Using Butler’s terms, the events of the last 27 years are revealed as a contest over this question of framing; whether the deaths of the 96 were framed as grievable, or dismissed as the deaths of, or at the hands of, drunken hooligans who had in some sense brought it on themselves. Different key moments in that contest can be identified, from the initial news reports and the infamous Sun front page, through the interim and final Taylor reports in 1989/90, to the report of the Hillsborough Independent Panel in 2012. Others have set out accounts of the long fight the families have endured (see the excellent David Conn), so I will not repeat it here, but in that process the initial inquests and the recent re-hearing played a critical central role, and the outpouring of social media responses is now part of that exercise in framing, built upon the conclusions and processes of the re-heard inquest.

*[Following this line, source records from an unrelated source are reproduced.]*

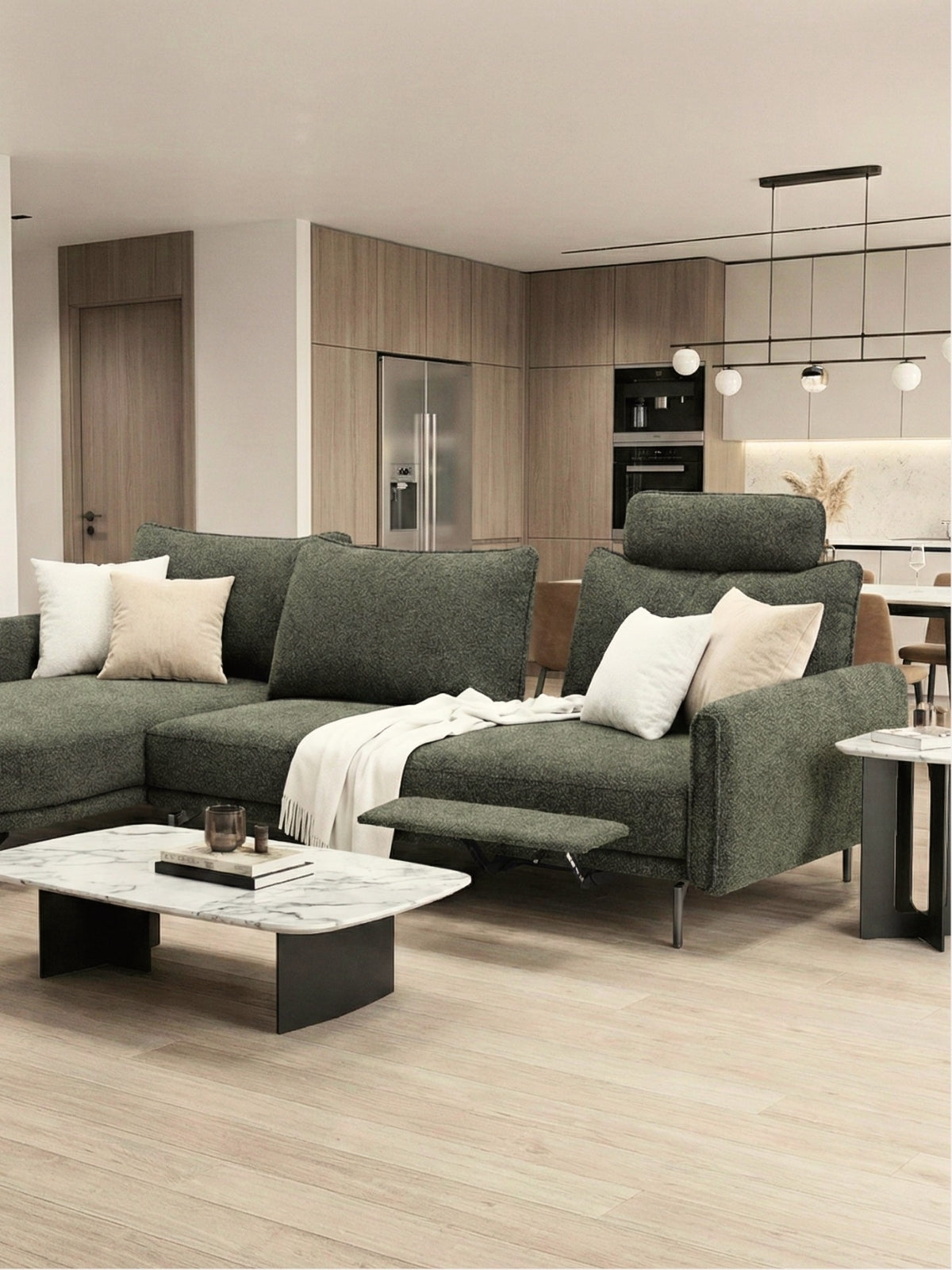 Space-Savvy Configuration: The 2.5-seater plus chaise layout offers generous seating for guests while maximizing corner space in open-plan living areas.
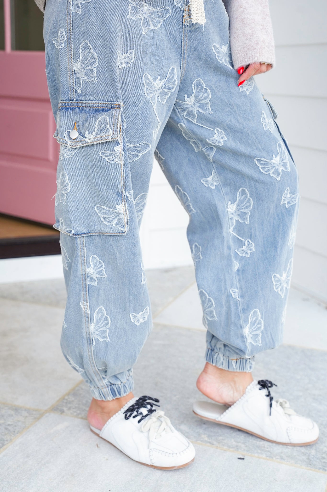 Butterflies are always in style, and these POL denim jogger pants prove it! With their relaxed jogger fit and whimsical embroidered butterfly print, these pants bring playful charm to your everyday look.
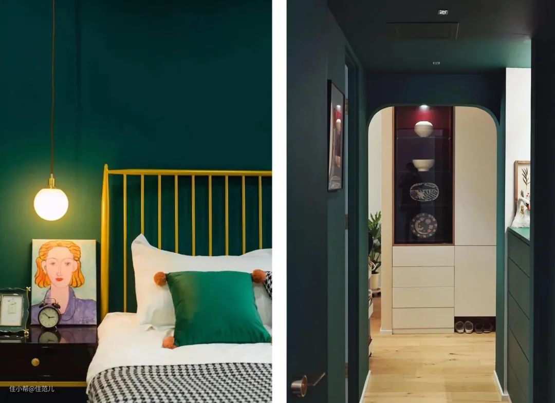 打造轻古典色彩墙的核心,就是在纯色里加黑,用色彩墙来衬氛围,而不是墙面直接跳出来。

The first inquests (heard in two parts in the early 1990s) closed down the possibilities of a full investigation, eventually concluding that the deaths were accidental. The process it followed to reach this flawed conclusion was vital; after the widely reported police accounts of a catastrophe primarily caused by drunken fans was dismissed by Lord Justice Taylor, the public evidence in the initial inquests acted to re-establish and re-legitimise this myth that the fans were partly at fault. It was this lie – an easy trope which fed the Spectator’s dismissal of the Hillsborough campaign and which survived for decades (see, for example, Jeremy Hunt’s 2010 ‘gaffe’) – which has been nailed by the recent inquest. It means that Trevor Hicks, a father of two who died at Hillsborough, can now ‘grieve properly’. Far from families and a city caught in a cycle of self-pity, the injustice perpetuated by the first inquests meant grief could not begin for some of the families. The dead were left ungrievable in the public sphere. The recent hearings in Warrington acted to reframe their loss, to legitimise their grief, and overturned a framing of their campaign as mawkish, inappropriate and merely sentimental.
In this process, the Human Rights Act 1998 was key (as legal writer David Allen Green has pointed out, albeit behind a Financial Times paywall): without the extension of the inquest jurisdiction and the greater emphasis on the involvement of the bereaved caused by jurisprudence built on Article 2 ECHR, the Hillsborough families would not have achieved this outcome. And so, amid the myriad conclusions from Hillsborough – most vitally the critical importance of constituting an institutional culture which does not proactively respond defensively to critique – one lesson is the need for an official recognition which does not tell loss to sit down, shut up and move on. Hillsborough should remind us anew that the dismissal and belittling of bereavement can all too often mask injustice. Instead the law should seek to negotiate an incorporation of that loss (beyond a paternalistic expression of condolence), to recognise the role of the inquest in framing mourning, and to find an account of truth which engages with the legitimacy of grief.